Yıllar sonra ve danışmanları tarafından yönlendirilen imparator, onu düğün gününe kadar görmemesine rağmen ülkenin en önemli generallerinden birinin kızı ile evlenmeye karar verdi. O gün yüzünü ilk kez görerek, gelecekteki karısının başında bir yara izi olduğunu, bir bebek gibi düşmesinin bir sonucu olduğunu keşfetti. Açıkçası: Tıpkı büyücünün tahmin ettiği gibi, hayatını paylaşacak olan kadın köylünün bebeğiydi.

3. Sakura ve Yohiro

En bilinen efsanelerden bir diğeri bize bir aşk hikayesinden kökenini ve çiçeklenmesini anlatıyor. Japonya'daki en güzel ve sembolik ağaçlardan biri: kiraz ağacı. Hikaye şöyle.

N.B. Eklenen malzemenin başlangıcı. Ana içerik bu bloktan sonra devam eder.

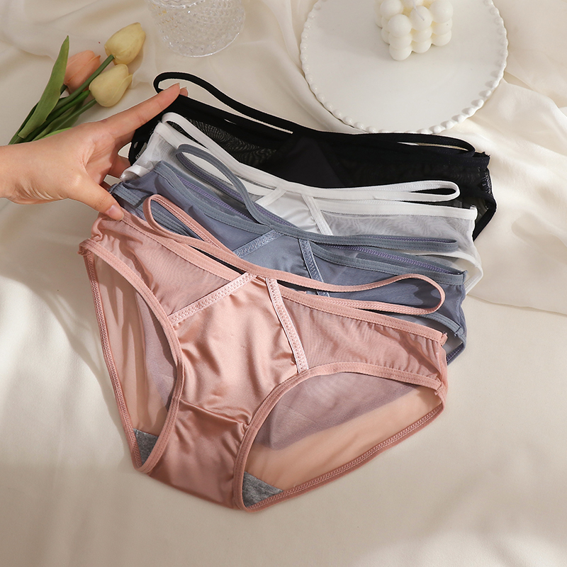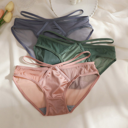缎面蕾丝内裤女款纯棉裆透气低腰超薄火辣透明女士性感网纱三角裤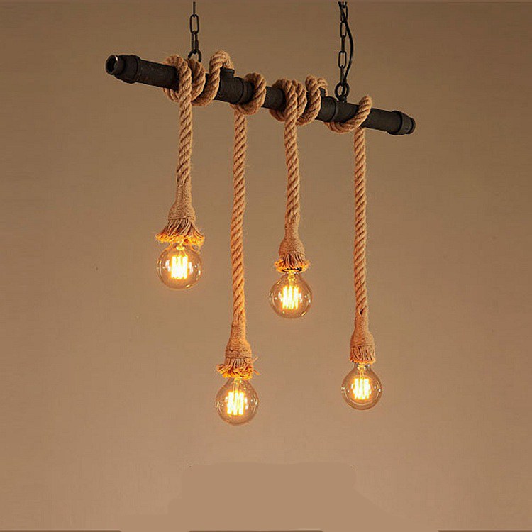 Веревочная люстра из 4 подвесов, труба 50 см – 5500 руб.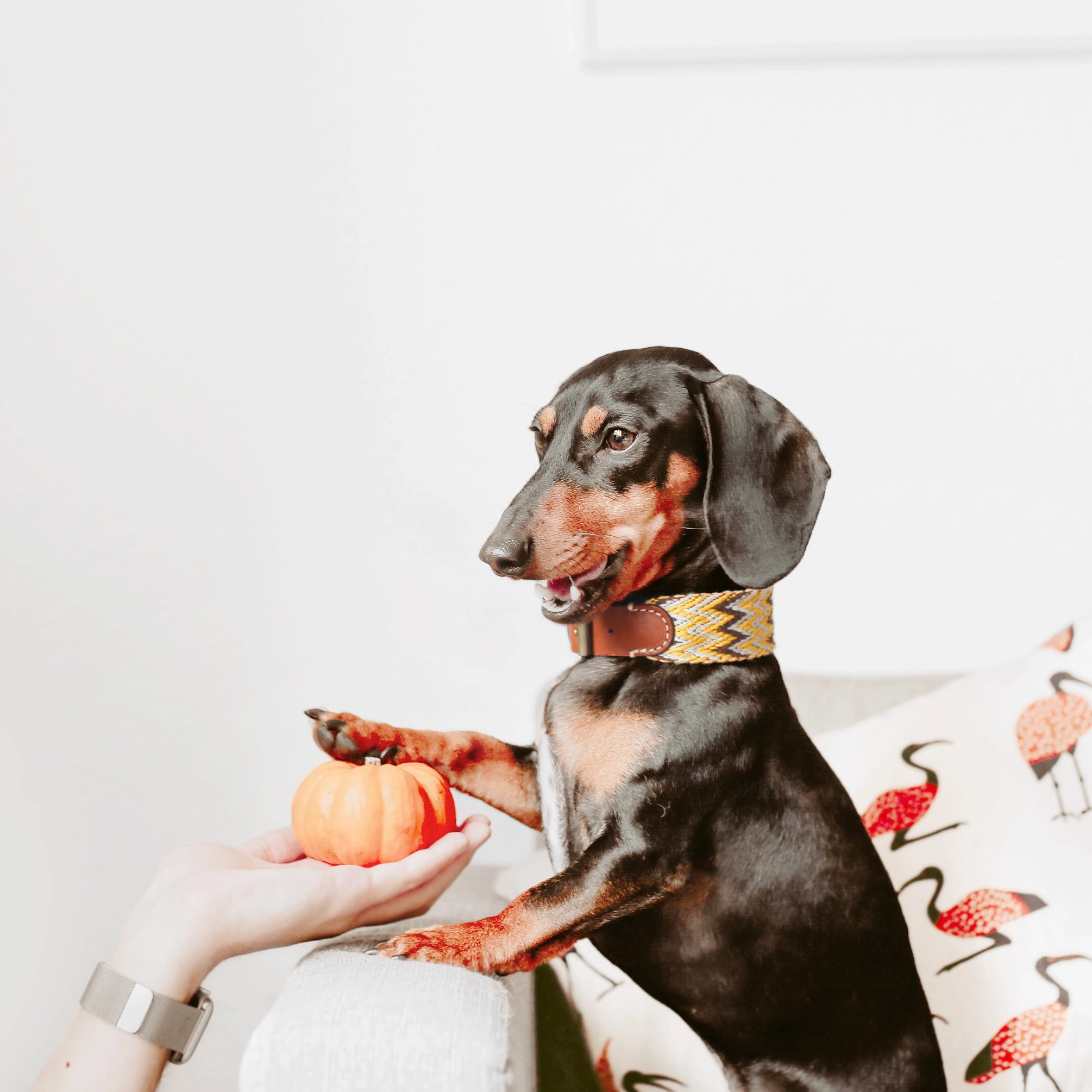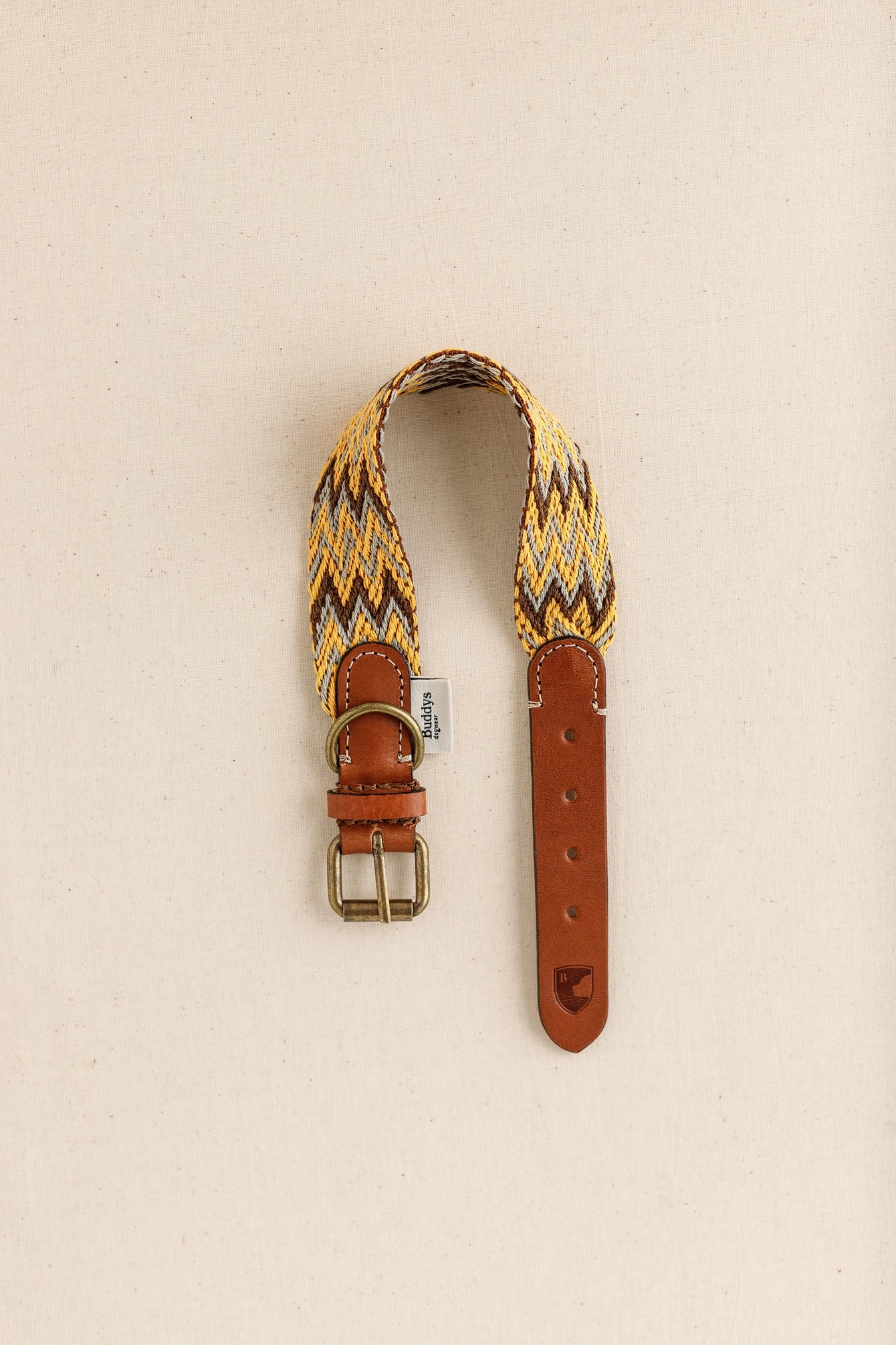 Add timeless style to your dog’s walks with this woven dog collar featuring warm yellow, brown, and cream tones. Finished with genuine leather ends and sturdy brass hardware, it’s designed for comfort, durability, and everyday wear. A perfect blend of craftsmanship and classic style for dogs who deserve the best.

Efsaneye göre, uzun zaman önce, büyük savaş savaşları sırasında, güzel ağaçlarla dolu bir orman vardı. Hepsinde bol ve berrak bir cam vardı ve güzelliği ve teselli, ormandaki hiçbir çatışma yaşanmayacak şekilde yapıldı. Biri hariç: hiç çiçek açmamış genç bir örnek vardı ve kuru görünümü ve eskimiş görünümü nedeniyle kimse yaklaşmadı..

Bir gün ağacın durumunu gören bir peri taşındı ve yardım etmeye karar verdi: Ağaca yirmi yıl boyunca insan kalbi gibi hissedebileceği bir büyü yapmasını önerdi, duygu deneyiminin onu geliştiği umuduyla. Ayrıca bu dönemde irade bir insan haline gelebilir. Ancak, o yıllardan sonra iyileşemez ve gelişemezse ölür..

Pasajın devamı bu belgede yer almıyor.